Unique Characteristics & Project Challenges

Jason Bruges Studio did thorough R&D work prior to their relationship with Eventscape. The specificity of the custom triangular LCD screens drove the design of each individual pyramid frame, the panels and overall structure.

During the prototyping phase, the Eventscape team produced 12 different prototypes for the pyramid frames. Materials included aluminum, steel and corian using different technologies such as casting, milling and thermoforming, with the best material solution being 20 gauge steel. 990 pyramids were laser-cut to spec, brake-formed and welded with a robotic arm. 3D printed retention clips were designed and produced to hold the polycarbonate and house LCDs.

Eventscape managed the coordination between the three timezones in London, San Antonio and Toronto, using live video conferencing. This allowed Eventscape to show the designer and client the staged mockup in real time, discussing the details, interactivity and scale of the project.

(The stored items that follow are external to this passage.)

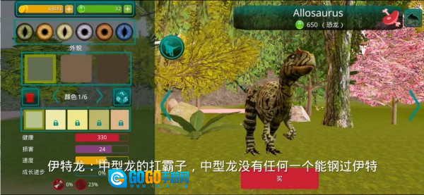在这款游戏中,玩家能够操控多种不同的恐龙角色。每一种恐龙都具备独一无二的攻击手段,且有着各自独特的成长路径。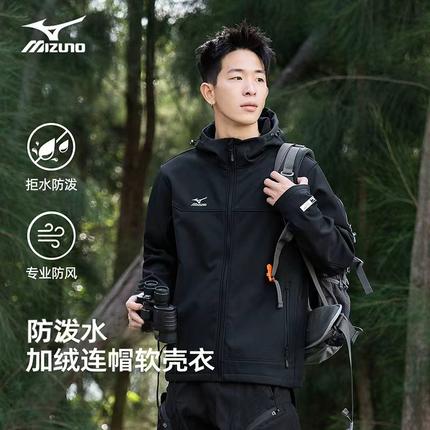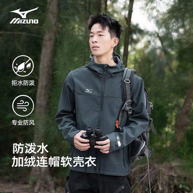Mizuno/美津浓秋冬户外防风防水软壳衣男女加绒保暖冲锋登山夹克
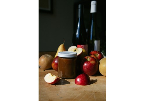 Apples join sweet and Asian pear varieties to be slow simmered into a rich, caramelized spread. Traditional baking spices accentuate the fruits' natural sweetness, rounded out with Virginia-made cider syrup and a hint of vanilla for depth. Fresh thyme is infused during the cooking process, lending an herbaceous brightness on the finish. Incredible on hearty bread with quality butter, on pancakes, or even on-top of pork chops for a sweet-savory moment. Shelf-stable.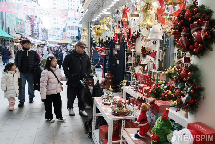 [서울=뉴스핌] 이길동 기자 = 크리스마스를 열흘가량 앞둔 14일, 서울 중구 남대문 시장에서 시민들이 크리스마스트리와 장식 용품을 살펴보고 있다. 2025.12.14. gdlee@newspim.com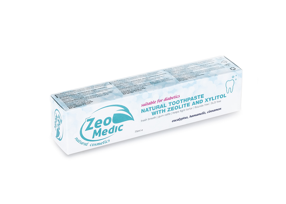 ZEO-MEDIC tandpasta is een volkomen natuurlijke tandpasta. De tandpasta bevat hoge kwaliteit zeolieten en natuurlijke etherische oliën. Het bevat geen kunstmatige kleuren en smaken, is fluoridevrij en bevat geen koolzuurhoudend water. Verder bevat de tandpasta ook niks van dierlijke oorsprong. De tandpasta bevat zeoliet, xylitol, etherische oliën van hamamelis (toverhazelaar) en essentiële olie van eucalyptus en kaneel. De pasta is geschikt voor diabetici, aangezien de tandpasta geen andere zoetstoffen bevat dan xylitol.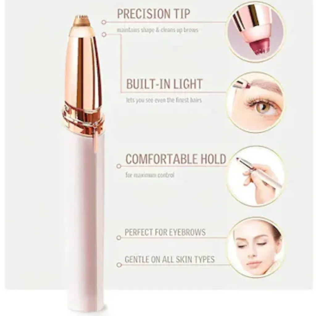 The built-in LED light ensures you never miss a hair, while the rechargeable battery provides cordless convenience. Its pen-like design fits comfortably in your hand and slips easily into a purse or makeup pouch. Suitable for all skin types, this eyebrow trimmer is perfect for quick touch-ups and daily grooming—no more plucking or waxing needed!

In order to reflect its name, “Liquid Crystal”, the structure’s clarity was extremely important. Sourcing the polycarbonate material for the panels proved to be challenging, as the required 1 inch thickness seemed to vary in clarity with local suppliers, driving us to source the material in Europe. Hardware and weld connections were also under high scrutiny due to full visibility of the structure’s internal and external parts. The tolerance during fabrication was extremely tight, only allowing for 2mm.

To prevent moisture from reaching the delicate circuitry inside the pyramids, Eventscape tested various options. Custom cut neoprene gaskets and silicone strips proved to be most effective for waterproofing.

The structure shipped in two halves, wired and was pre-mounted. The 66 individual polycarbonate panels  with 15 pyramids attached to each, were packaged in custom crates, each securely housed in custom slots. On site, Eventscape’s install team had to be extremely precise as the crane used to install the steel structure only cleared the ceiling by 6 inches.

With a challenging accelerated timeline of only five months from initial handover, through design and development, to fabrication, shipping and installation, time was extremely tight for each phase of this project. However the artist was extremely pleased stating:

“Jason Bruges Studio are delighted with the realisation of Liquid Crystal, which is in no small part a result of the hard work and dedication of the Eventscape Team. The artwork posed unique challenges in materiality, structure and technology, and required a fabricator that was not afraid to try new techniques and come to us with innovative solutions to design challenges. The working relationship was a close and collaborative one, and it was extremely reassuring to us that Eventscape had the same expectations as we did when it came to the details and quality of finish. The management of the project development, build and installation was extremely professional, and despite some hiccups such as the late arrival of some of the technical components, the team went the extra mile to bring the artwork in on time and on budget.

The quality of the completed piece is a testament to the team at Eventscape, and a reflection of the confidence which we hold for their professional approach. We would be delighted to work with them again and look forward to finding the next opportunity to do so.”